The usage of VWCE loss made further improvement of the DSC. The DSCs increased by 1.2, 3.6, and 2.1% respectively when the margin of bounding box was set to 0, 5 and 10 pixels. In addition, the application of VWCE loss and MC can alleviate the outliers in the segmentation result. The values of HD and ASD decreased significantly. Finally, the highest DSCs of 0.834, 0.826 and 0.742 can be achieved respectively when different margins of bounding box were set.

Figure 7 Shows the 2D visualization of segmentation results with different parameters. Obviously, renal tumors cannot be segmented precisely without group training as shown in Fig. 7(a). With the application of group training, the over- or under-segmentation of tumors is significantly improved (Fig. 7b). However, the segmentations of the boundary are still imprecise. With the application of group training and VWCE loss function, the best segmentation results have been obtained as shown in Fig. 7(c)

Fig. 7
figure 7

The comparison of 2D segmentation results with different parameters: k = 0 with WCE loss (a), k = 3 with WCE loss (b), k = 3 with VWCE loss (c).
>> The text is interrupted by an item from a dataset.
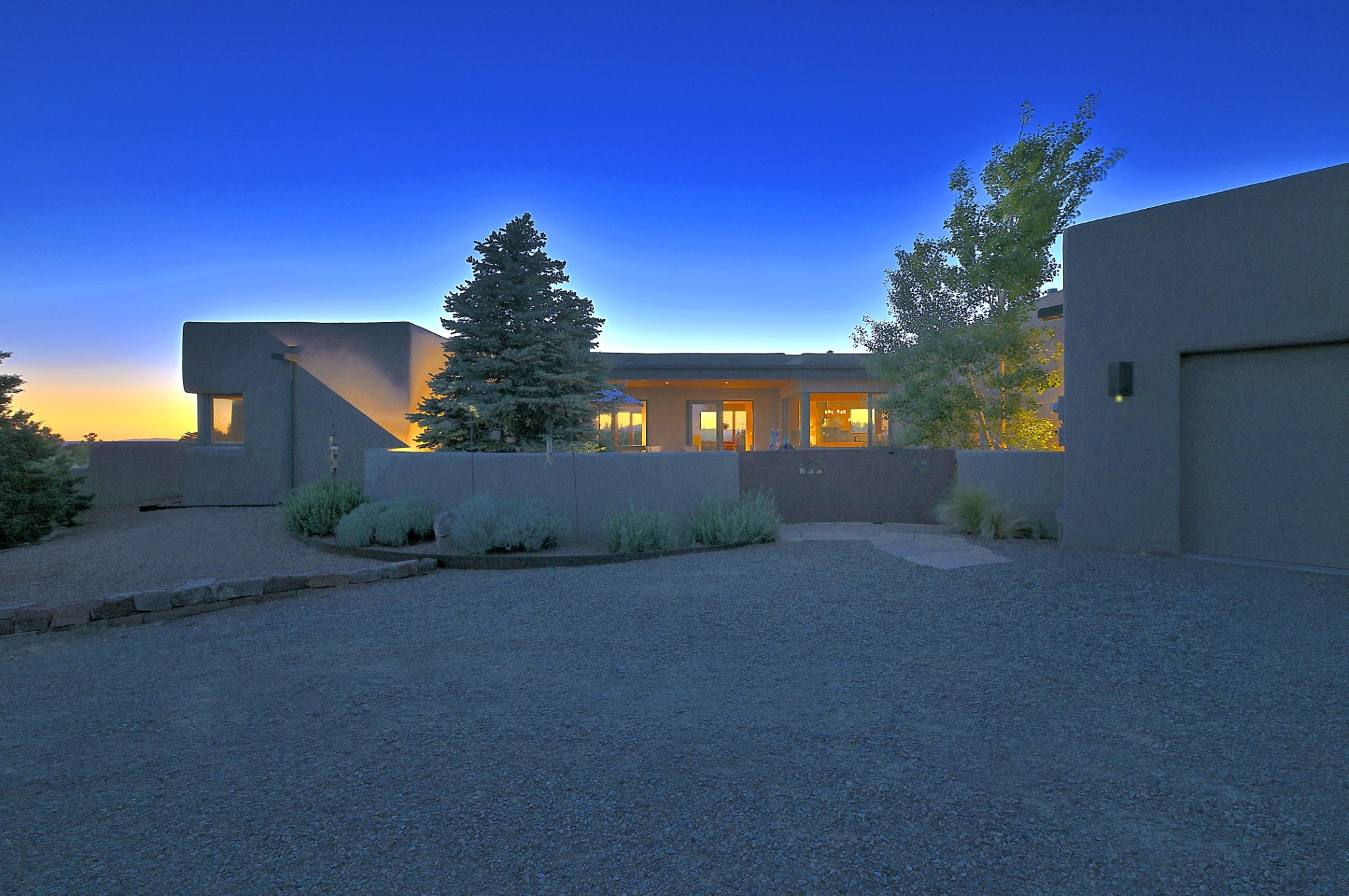 Perched atop a grassy mesa on over 40 acres covering 3 tracts, this 2009 adobe home designed by Ted Turner offers panoramic views of the Sangre de Cristo, Sandia, Jemez, Ortiz Mountain ranges& Mount Taylor. Exuding Santa Fe elegance, with soft contemporary design, featuring concrete floors, diamond-finish clay plaster walls, expansive banks of windows, exposed beams. The chef's kitchen is open and bright, with quartz countertops, a 4-burner range, convection microwave, custom soft-close cabinetry, and pantry. The open-concept layout flows into a curved gallery hallway with indoor-outdoor living and large portals to experience Santa Fe's breathtaking sunsets. Views from every room & excellent separation of bedrooms for privacy and comfort, enjoy radiant in-floor heating, a high-efficiency boiler, a 6,500-gallon rainwater collection system, 12-panel solar array, solar-powered well, and whole-house water filtration as well as a commercial grade roof. The 750-square-foot studio/guest house--built to passive house standard- can be used as an art studio, office, or guest quarters, with south-facing light, concrete floors, a kitchenette, and half-bath. Enjoy a three-car garage with a tall roll-up door, workshop space, and rodent-resistant construction. This an extraordinary retreat just minutes from the heart of Santa Fe--yet worlds away in tranquility and privacy.

Contours in green and red correspond to ground truths and segmentation results respectively

The DSC of each case in the testing dataset with different parameters is shown in Fig. 8. For testing dataset, it can be seen that our three-stage training strategy with VWCE loss has significantly improved the segmentation results in most images and achieves the best improvement of DSC.

Fig. 8
figure 8

DSC of each case in the testing dataset with different parameters. The index of images is ranked according to the volume of renal tumors

Comparison with other methods

Three methods including two weakly-supervised methods (SDI and constrained-CNN) and one fully-supervised method (UNet) were used to compare with our proposed method. These methods are briefly summarized in Existing methods section. For model training, the computation time of our proposed method is about 48 h, the SDI method is about 80 h, and the constrained-CNN and fully-supervised UNet are about 24 h. for model testing, the computation time of our proposed method is similar to the fully-supervised method. Our network can generate the segmentation result of a single image in a few seconds

Table 3 is the comparison of segmentation results among our method, the other two existing weakly-supervised methods and fully-supervised method. We only compared the bounding box with d = 5 for simplicity. Experiments show that our method achieves the best results of DSC, HD and ASD, which are 0.826, 15.811 and 2.838 respectively. In terms of DSC, neither SDI nor Constrained-CNN reaches the values higher than 0.8. One thing worth to be mentioned is that the evaluation metrics are not improved effectively in SDI after MC since we deal with it in 2D situation. When the margin is lower than 5, the performance of our method is close to the results obtained by the fully-supervised UNet.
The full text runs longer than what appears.